*** Opening of STUDY MATERIAL ***

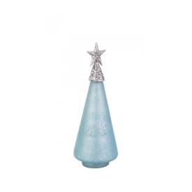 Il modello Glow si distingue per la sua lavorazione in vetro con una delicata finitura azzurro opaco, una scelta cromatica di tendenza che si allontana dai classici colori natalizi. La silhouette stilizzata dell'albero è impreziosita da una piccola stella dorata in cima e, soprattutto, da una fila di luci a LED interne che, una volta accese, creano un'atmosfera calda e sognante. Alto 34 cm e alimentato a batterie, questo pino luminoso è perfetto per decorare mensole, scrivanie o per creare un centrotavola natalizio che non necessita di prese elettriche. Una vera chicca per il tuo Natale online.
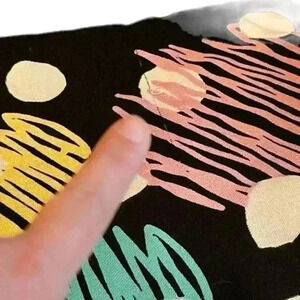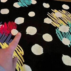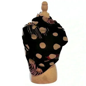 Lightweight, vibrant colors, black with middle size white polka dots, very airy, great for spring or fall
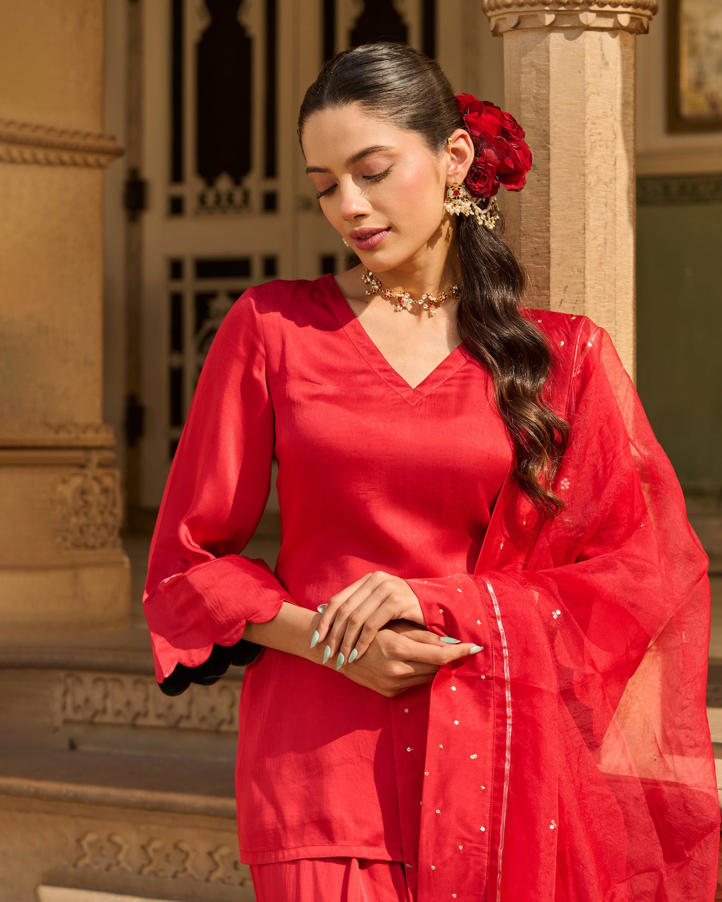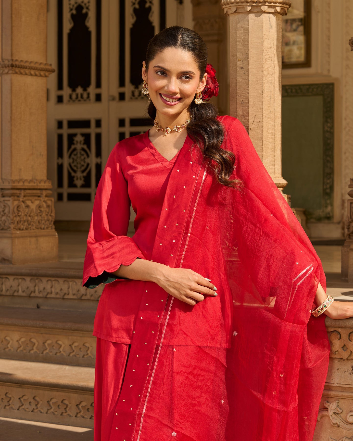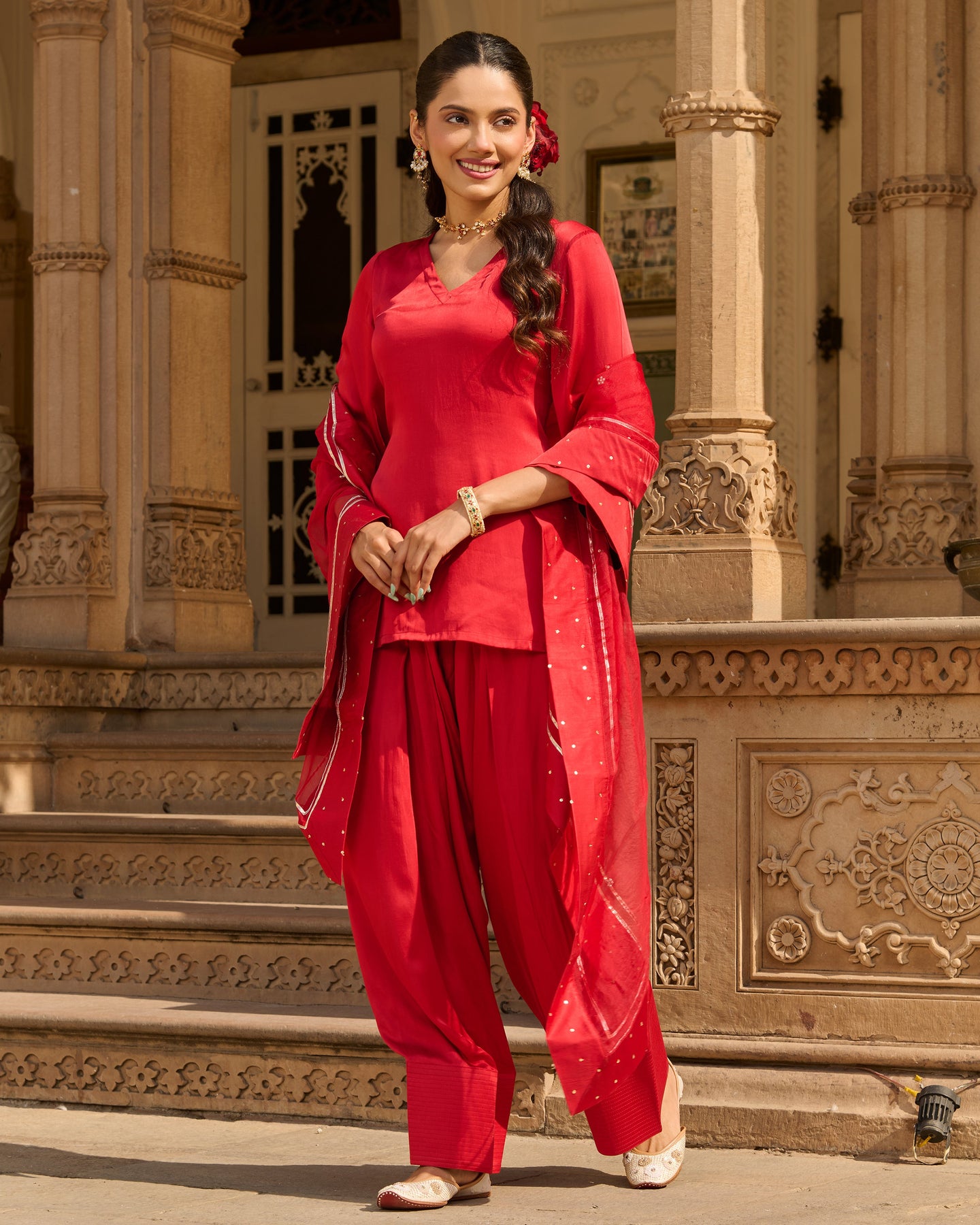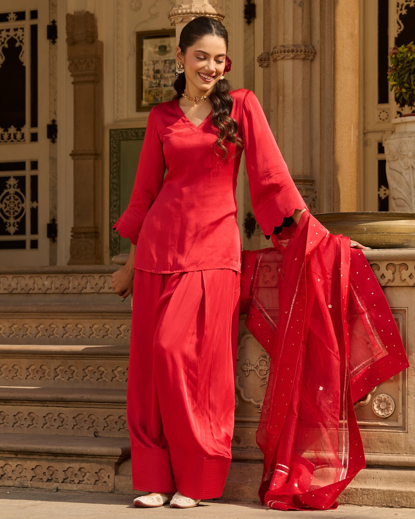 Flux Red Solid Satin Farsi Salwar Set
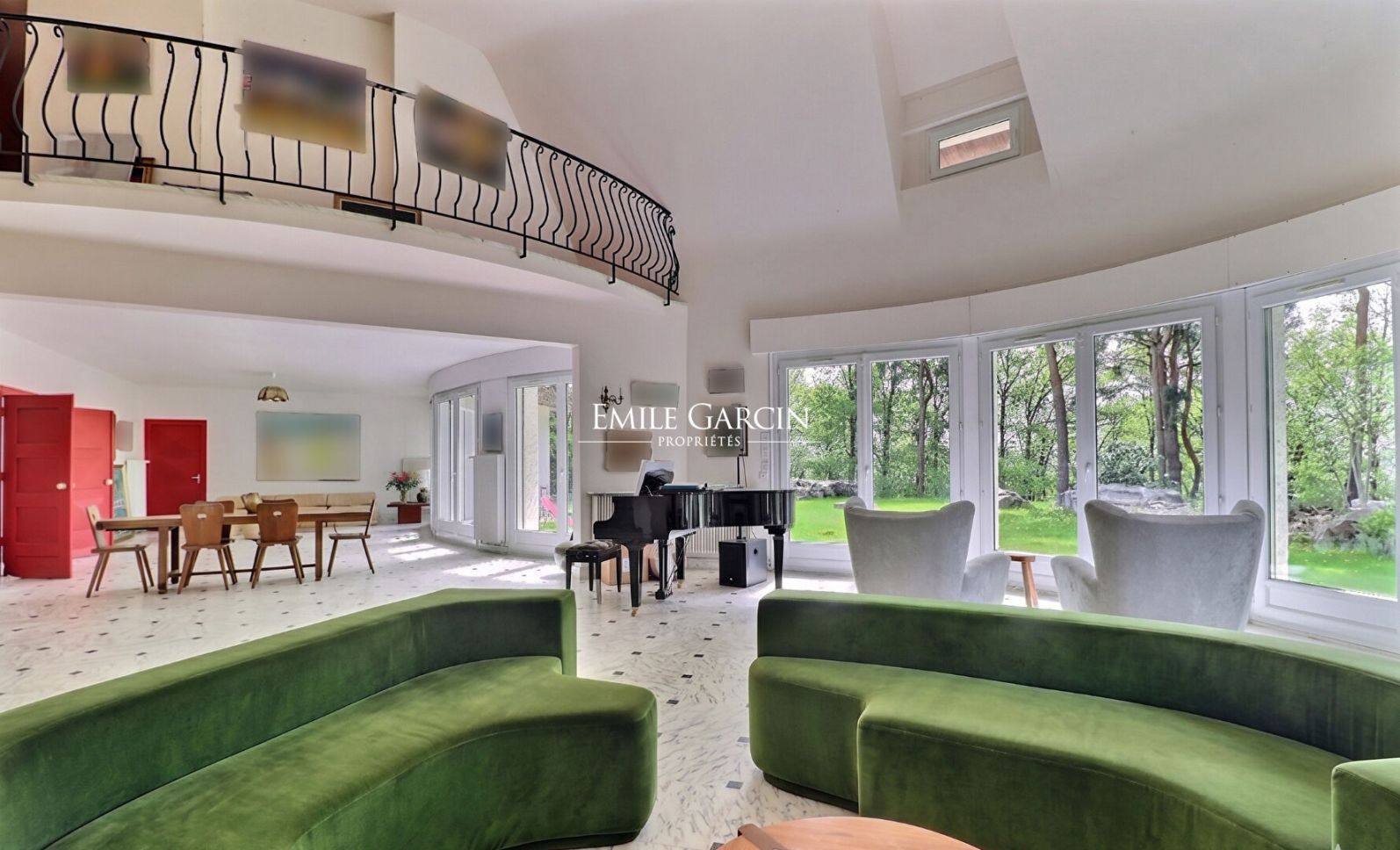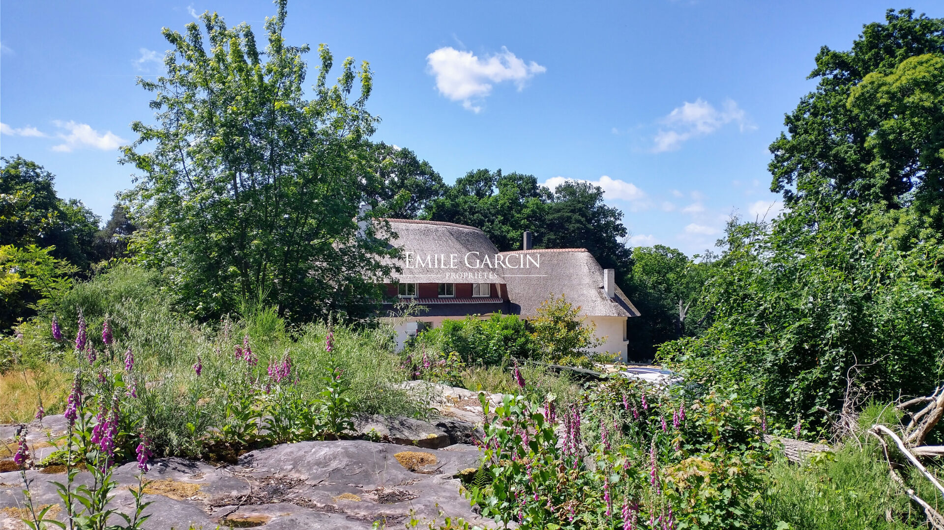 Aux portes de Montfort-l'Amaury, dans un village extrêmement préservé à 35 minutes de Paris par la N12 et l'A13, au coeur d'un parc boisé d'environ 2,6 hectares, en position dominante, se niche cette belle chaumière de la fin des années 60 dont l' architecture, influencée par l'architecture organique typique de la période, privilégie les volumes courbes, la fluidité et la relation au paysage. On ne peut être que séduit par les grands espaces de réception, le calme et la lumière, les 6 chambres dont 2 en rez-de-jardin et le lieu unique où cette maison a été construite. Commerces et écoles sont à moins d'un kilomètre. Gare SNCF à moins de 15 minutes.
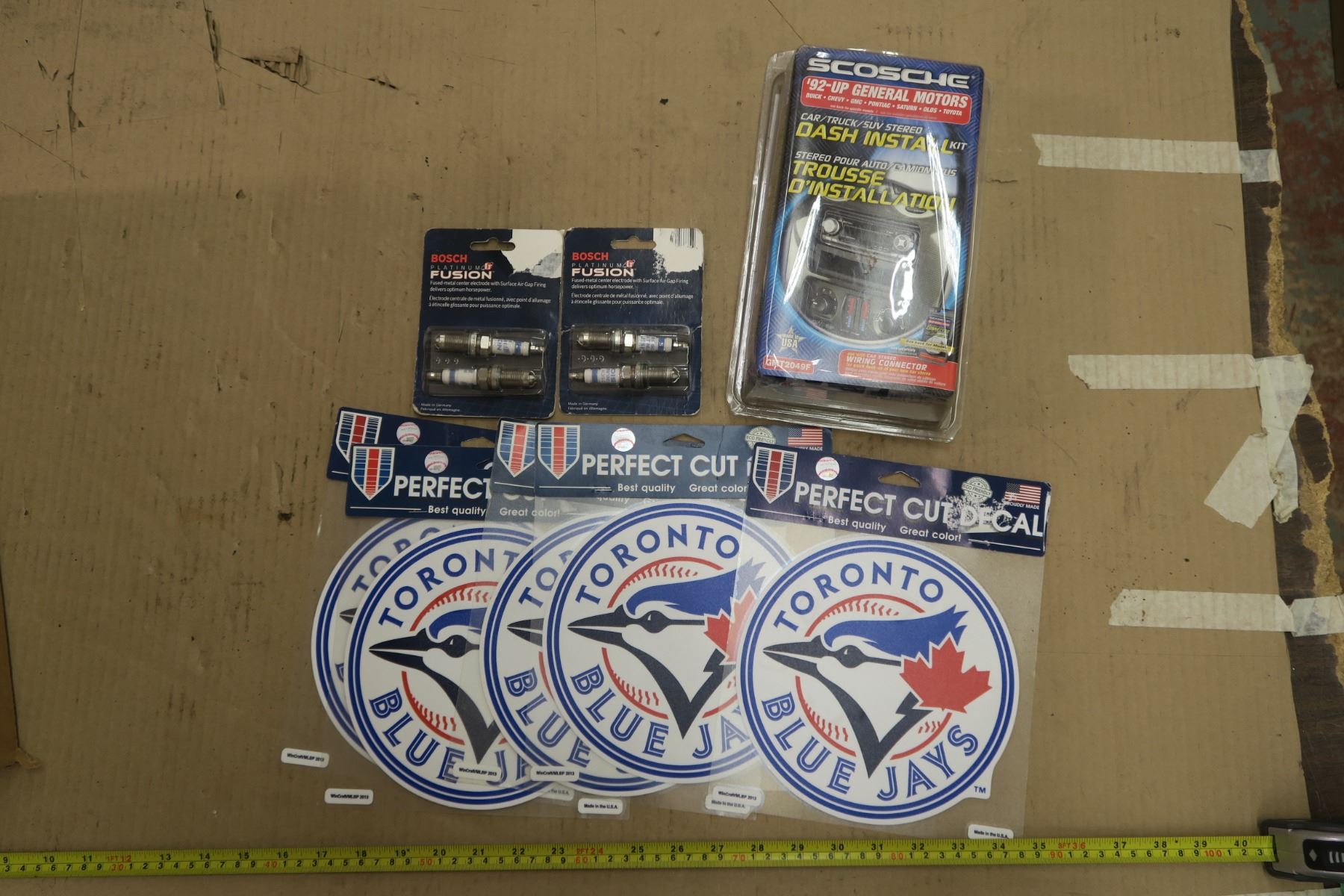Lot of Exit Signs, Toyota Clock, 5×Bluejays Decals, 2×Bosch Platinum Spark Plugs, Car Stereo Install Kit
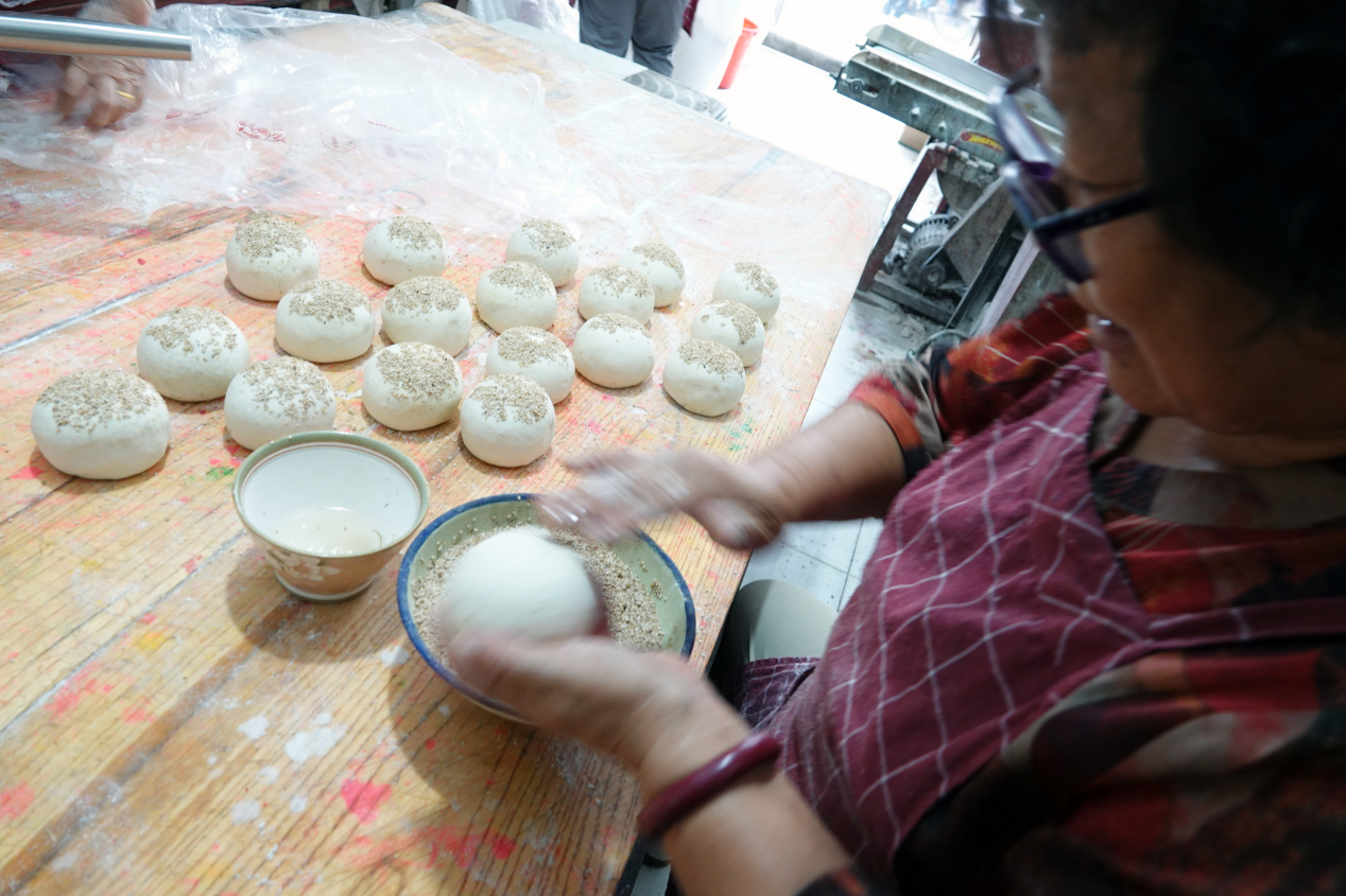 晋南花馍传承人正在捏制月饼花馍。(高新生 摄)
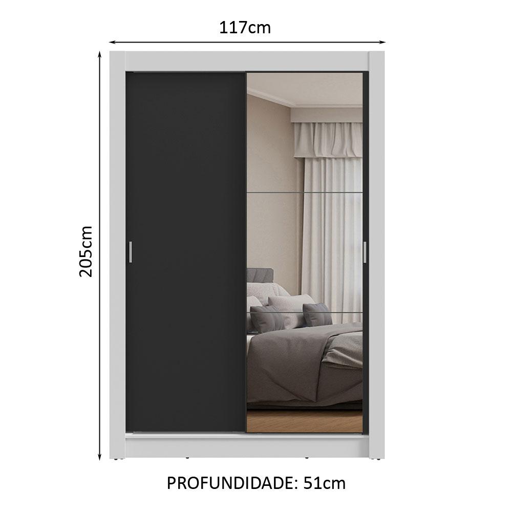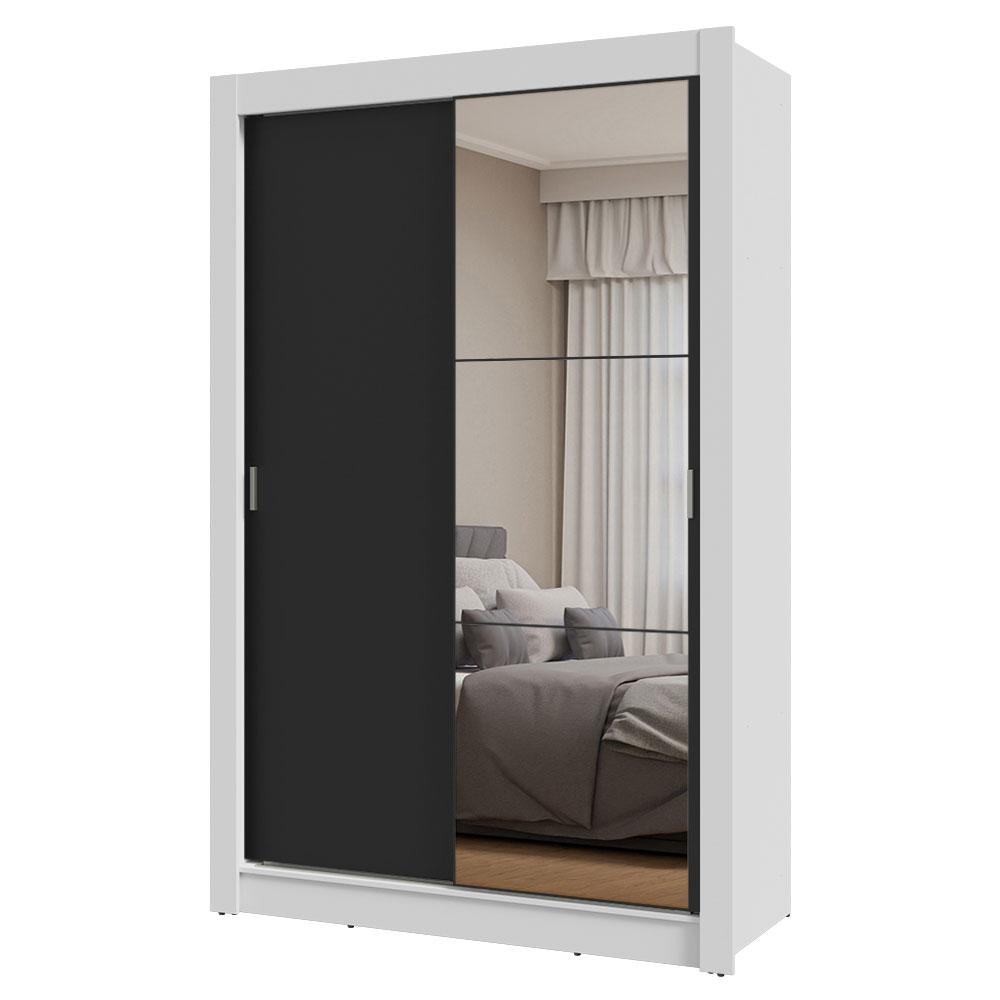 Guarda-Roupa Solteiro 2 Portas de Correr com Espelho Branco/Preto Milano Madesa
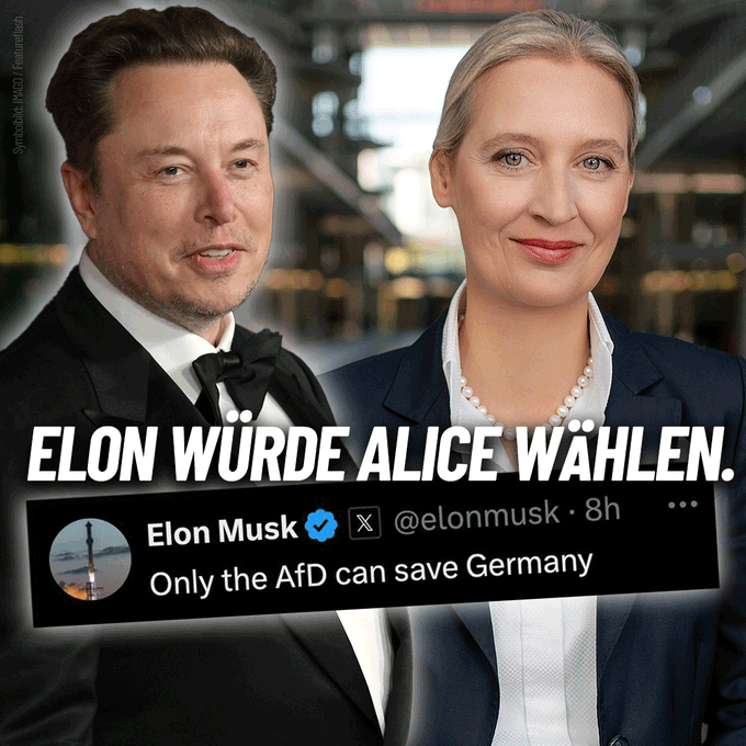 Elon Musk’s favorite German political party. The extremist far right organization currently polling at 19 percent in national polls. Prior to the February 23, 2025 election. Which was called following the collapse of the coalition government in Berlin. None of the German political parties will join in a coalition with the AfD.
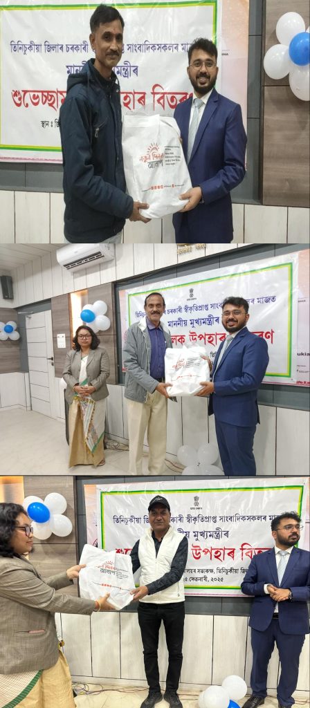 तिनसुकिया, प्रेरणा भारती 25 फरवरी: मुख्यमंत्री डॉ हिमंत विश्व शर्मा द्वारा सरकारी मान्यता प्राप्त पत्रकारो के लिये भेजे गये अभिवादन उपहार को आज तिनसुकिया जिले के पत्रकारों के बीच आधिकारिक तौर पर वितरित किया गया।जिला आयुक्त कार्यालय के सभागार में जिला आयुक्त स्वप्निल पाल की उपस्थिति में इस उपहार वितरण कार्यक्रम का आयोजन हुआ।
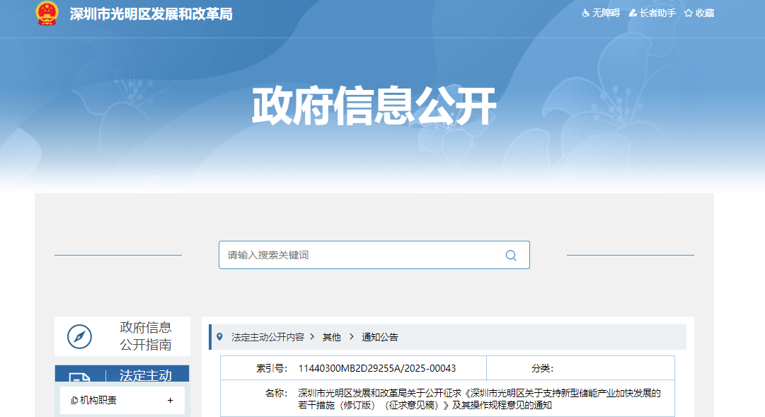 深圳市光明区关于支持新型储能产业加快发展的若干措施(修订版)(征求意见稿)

*** Close of STUDY MATERIAL ***

* **TASK TO CARRY OUT**:
Every line from the one containing "तिनसुकिया, प्रेरणा भारती" through the last line of the data, both included, is to be repeated exactly; the pictures are to be left out.

* **RESULT**:
 तिनसुकिया, प्रेरणा भारती 25 फरवरी: मुख्यमंत्री डॉ हिमंत विश्व शर्मा द्वारा सरकारी मान्यता प्राप्त पत्रकारो के लिये भेजे गये अभिवादन उपहार को आज तिनसुकिया जिले के पत्रकारों के बीच आधिकारिक तौर पर वितरित किया गया।जिला आयुक्त कार्यालय के सभागार में जिला आयुक्त स्वप्निल पाल की उपस्थिति में इस उपहार वितरण कार्यक्रम का आयोजन हुआ।
 深圳市光明区关于支持新型储能产业加快发展的若干措施(修订版)(征求意见稿)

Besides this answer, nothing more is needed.